閑話 2 聖騎士 2話 教育
セイがハナビたちの来てから一年がたったころ、聖領アルカディアの中層、その中でも深層との境目、瘴気の濃度が高すぎて常人では活動出来ない汚染地域にて、全長二百メートルにもなる大きな影と小さな影が争っていた。
「グゴオオオオオ!!!」
「うるさい」
天竜。この世界の光属性の神の一種でありながら、人類を裏切り魔王の配下に降った龍神の末裔。その力は魔物に堕ちようと絶大で、そのランクは10。小国が襲われれば間違いなく滅亡するだろう。
その強さは能力値の高さや膨大な魔力があげられるが、何よりも環境を塗り替える特殊能力こそ最大の脅威だ。
天竜が吼えると急速に天候が変化し、異常に発達した雷雨が雲の地面を抉り、死の冷気が生物の命を停止させる。まさに人知を超えた力だ。この力を前に、人間など生き残ることが出来るはずもない。

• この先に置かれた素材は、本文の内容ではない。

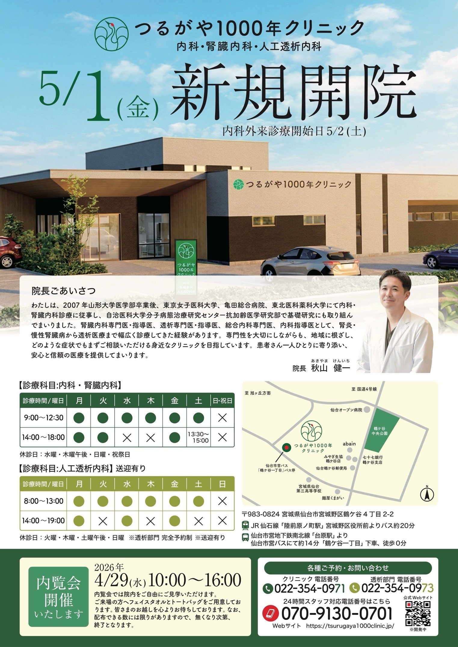 2026年5月1日、仙台市宮城野区鶴ケ谷に、地域医療の新たな拠点として「つるがや1000年クリニックさま」が新規開院されます。院長を務める秋山 健一先生は、腎臓内科・透析・総合内科の専門医資格をお持ちです。これまでの豊富な臨床経験を活かし、専門性を大切にしながらも「どのような症状でもまずご相談いただける身近なクリニック」を目指されています。患者さん一人ひとりの声に耳を傾け、心から寄り添う安心と信頼の医療が、この鶴ケ谷の地で始まります。地域のかかりつけ医をお探しの方は、ぜひ一度ご相談してみてはいかがでしょうか。
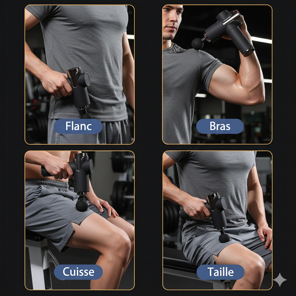 Utilisez 1 à 2 minutes par zone musculaire, jusqu’à 15–20 minutes au total. Évitez les excès pour ne pas irriter vos muscles.
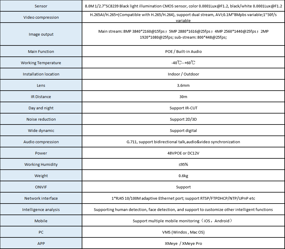 Водонепроницаемая IP-камера видеонаблюдения XMEYE, 8 Мп, 4K, POE, H265, V80M
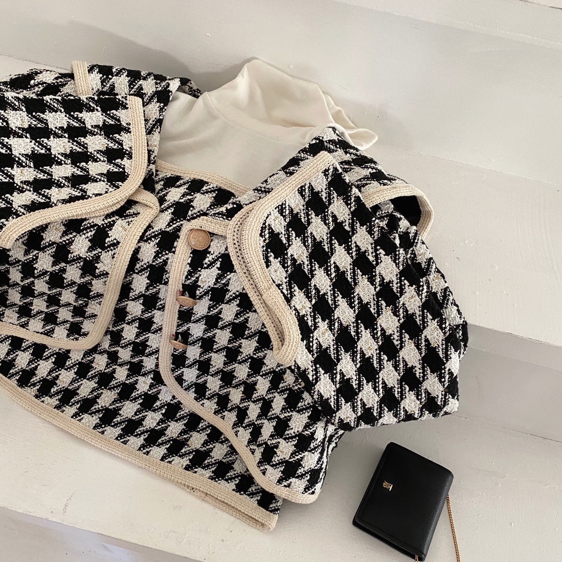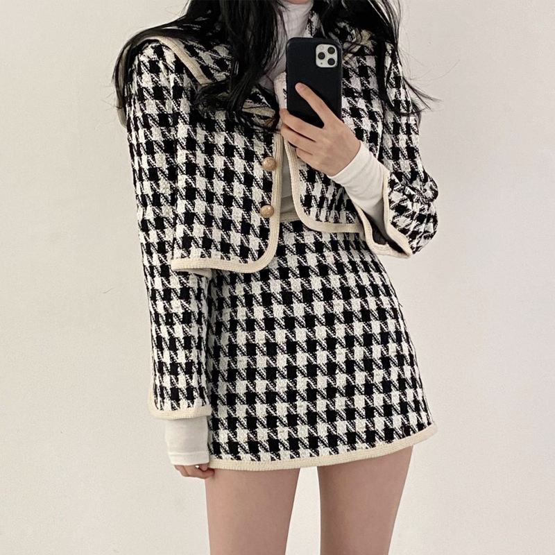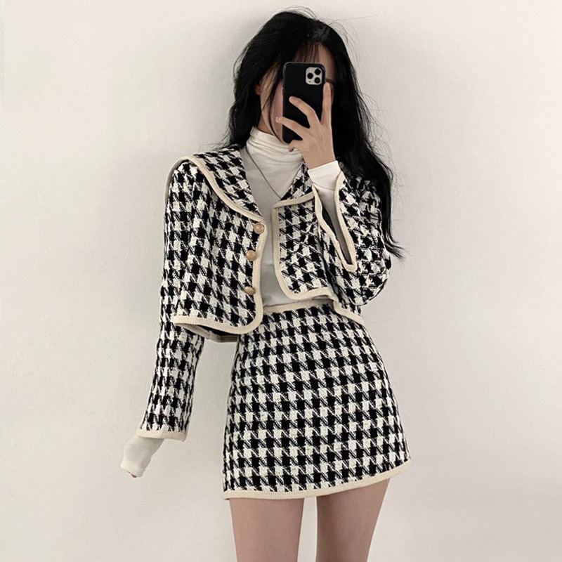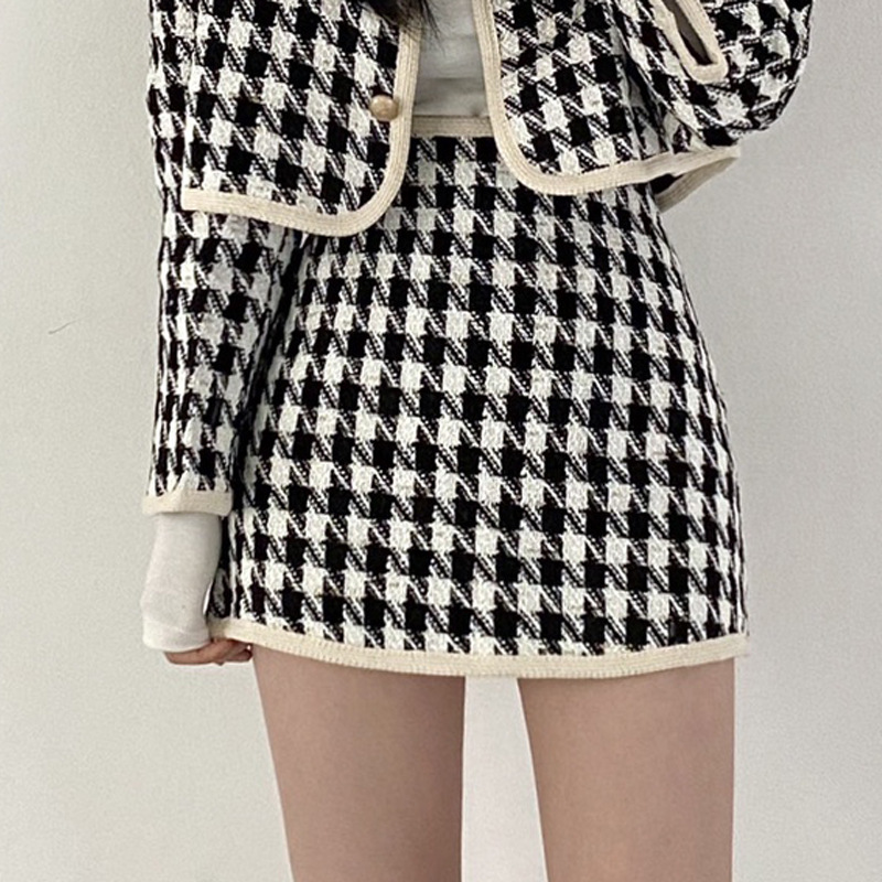 Color: plaid top, plaid skirt
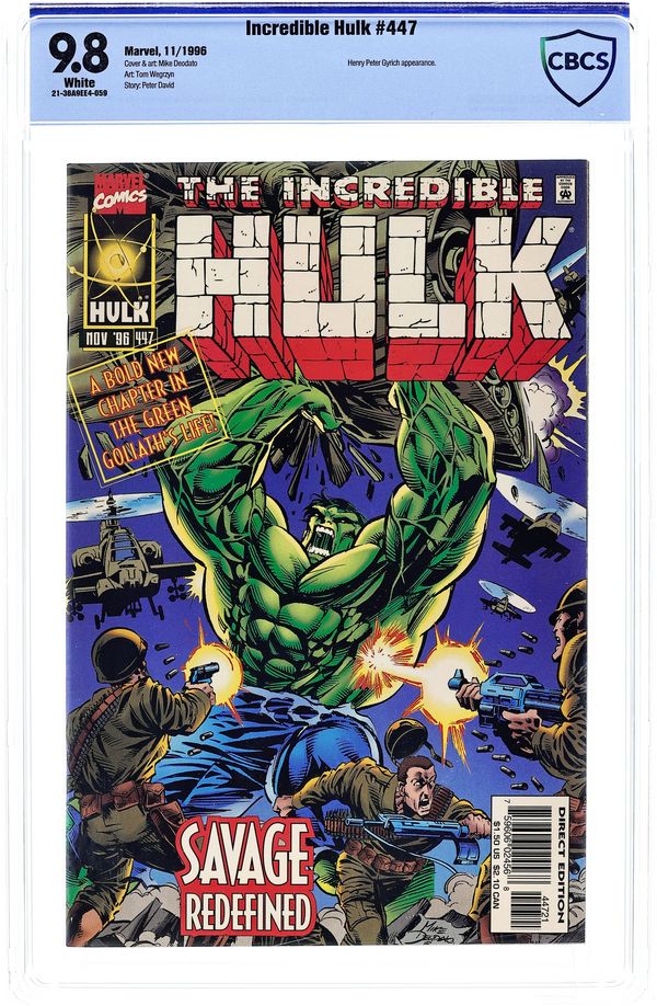 "Breaking the Mold!" Story by Peter David. Art by Mike Deodato, Jr. The Hulk is dying and he's not happy about it. Jump on board for a new direction in the saga of the Incredible Hulk. 36 pages. Cover price $1.50.
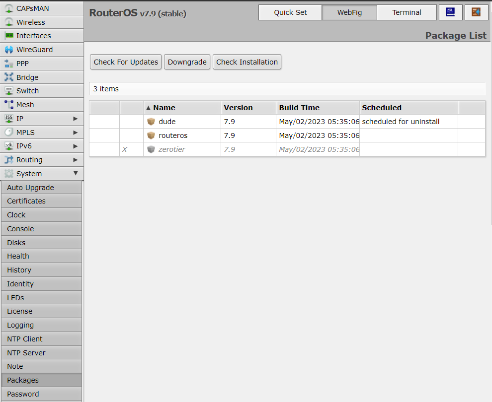 [admin@MikroTik] >/system package print

「うん。やっぱり効かない。俺って思っていたよりも頑丈だったんだな」
そんな災害の中で、雷に貫かれながら、セイは平然と生き残っていた。
セイは転生したばかりの時は幽霊であり、その後ダンジョンコアに受肉した。そのため今のセイの体は、生身の肉体であると同時にダンジョンコアと同等の性能を有している。

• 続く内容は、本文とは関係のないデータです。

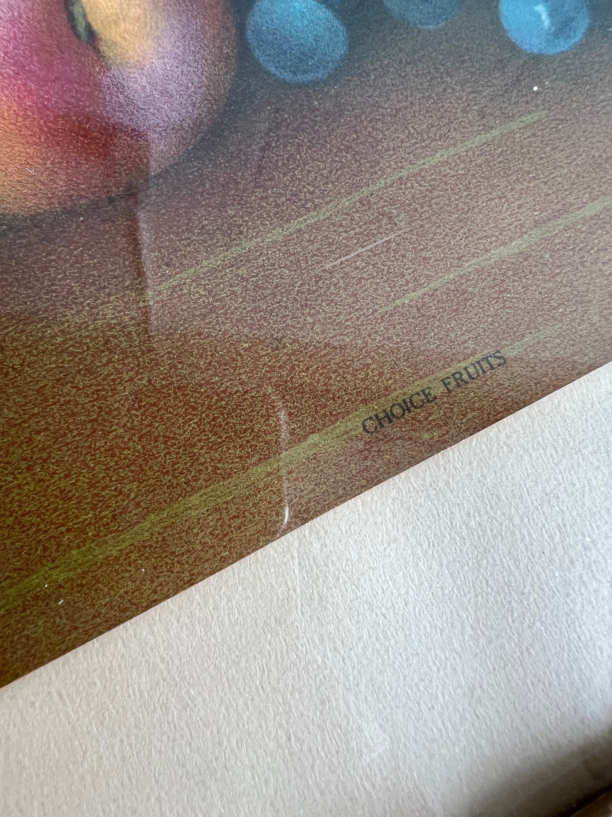 Charming fruit still lift, gold framed 17.5" x 13.5". Chromolithograph, by James Lee.
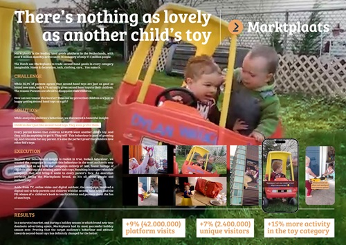 De bij de twee Nederlandse winnaars betrokken bureaus Happiness Amsterdam en Fitzroy werden beiden onderscheiden tijdens de awardshow vanavond. Happiness Amsterdam won naast 'Silver' in Integrated Campaigns for Commercial Brands ook de ADCE Green Star Award met 'Nothing as lovely as another child's toy' voor Marktplaats. Hieronder het case-sheet. De prijs wordt toegekend aan werk dat bijdraagt aan duurzaamheid, circulariteit en milieubewustzijn.
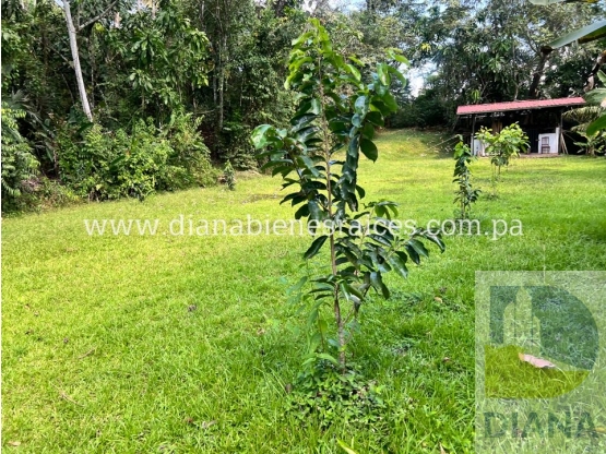 La finca le atraviesa una quebrada pequeña, tiene árboles frutales, un pequeño establo y un gallinero.
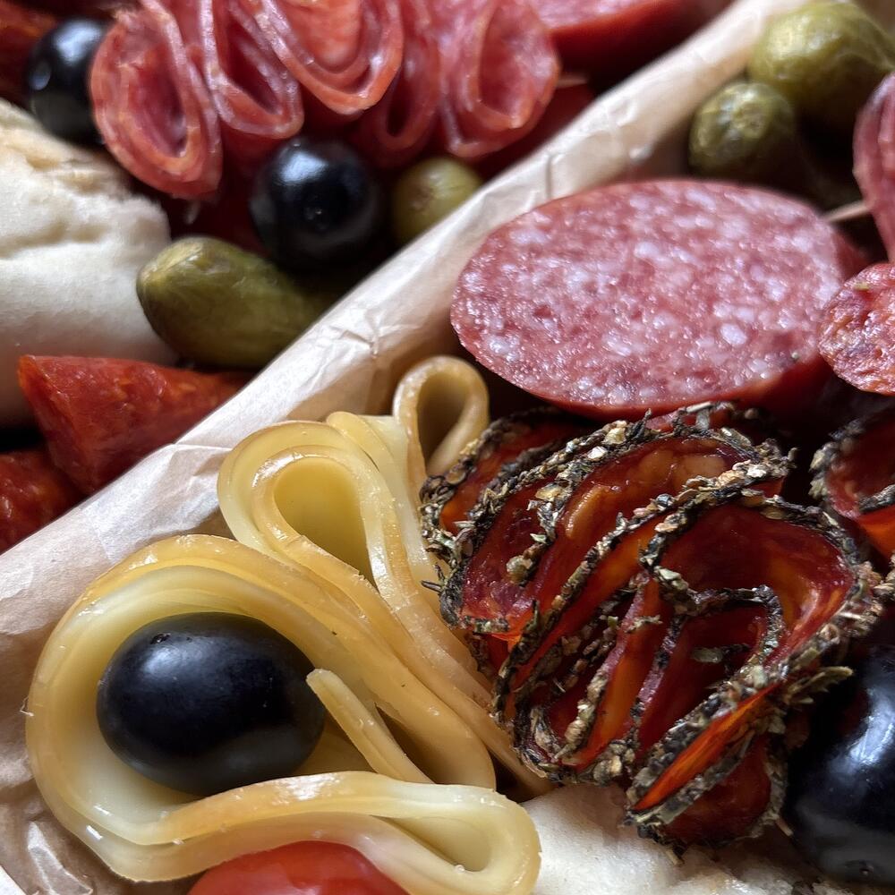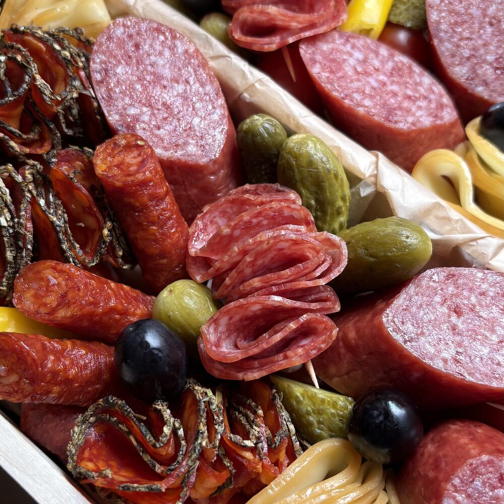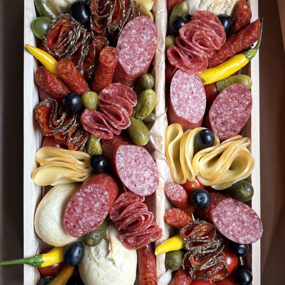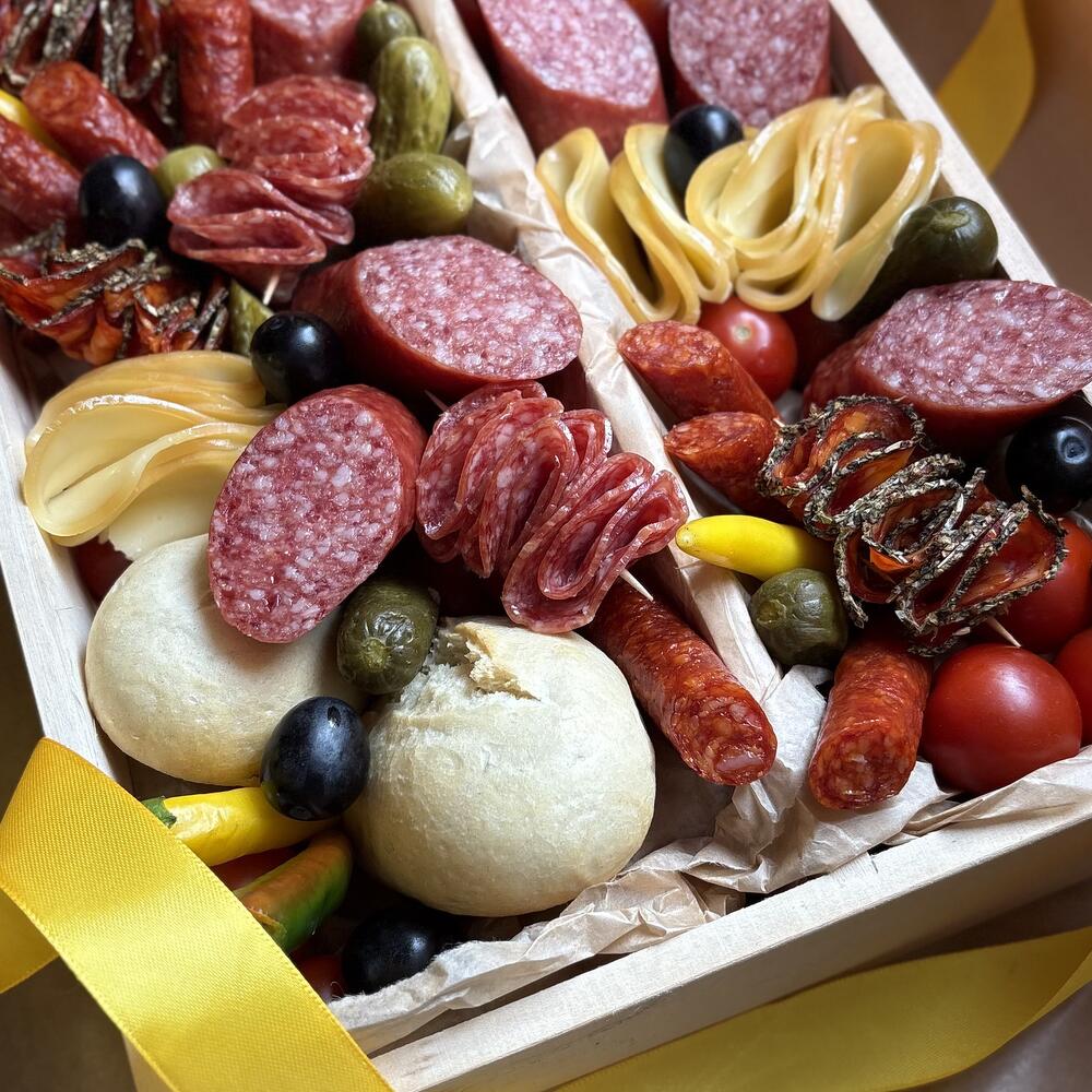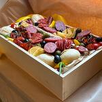 uvas - 100 gr. celofan - 1 un. kulen - 100 gr. cajna kobasica - 300 gr. traka - 1 un. chili paprika - 2 un. kobasica budimska - 100 gr. seri - 200 gr. kifle - 2 un. drvena gajba - 1 un. sir - 100 gr. kobacice - 100 gr.

ただでさえ硬く、柔らで、壊れにくく、魔力を通しやすい。加えてこれは最低限の話で、ここから闘気や付与魔術、パッシブスキルの効果が上乗せされるためセイ自身どれだけ自分が頑丈なのか把握していなかった。
普通の剣は防げるし、川魚を生で食べてもお腹を壊さない。しかしスレイには純粋な剣技でなます切りにされてしまっていたため、生物としての強さに頼ることは無かった。
しかしハナビを連れて上空三万メートルまで一気に飛翔しても体に異常がなかったため、気になって調べることにした。
その結果、溶岩の海や深海の底でも当然のように生存できることが判明した。
「ギャ?ギュ、グオオオオオ!」
「検証は終わり。じゃあ死ね」
雷の直撃を受けながらも平然と飛行してくる人間に驚愕しながらも次の手を打とうとする天竜に対して、セイは空間転移で天竜の頭頂部に着地し、その頭部に手を添え、頭部の中に干渉する。
「【魂砕き・命脈】」
セイの手に入れたユニークスキル、分解魔法。その力は文字通り分解する魔法であるが、なにを、どこまで分解できるのかを知ること重要だ。物理的に触れられる物質はどうか、火や水はどうか、魔術で創造したものはどうか、霊体や魂は分解できるのか、そして……魔力そのものは分解できるのか。
その結論として、今はまだ、魔力は分解できないと判明した。
しかし、霊体と魂は分解できる。
火、水、風、土、生命、光、闇、時間、空間の九種の属性に属さない、分解属性の魔力を込めた手のひらで天竜の頭部を叩くと、天竜の生命エネルギーをごっそりと分解することが出来た。
「ギャアアァァァ……」
追撃にもう一発ほど全力で、衝撃が全身に巡る様に叩くと天竜の口から弱弱しい悲鳴が上がり、その肉体は地面に倒れ込んでいく。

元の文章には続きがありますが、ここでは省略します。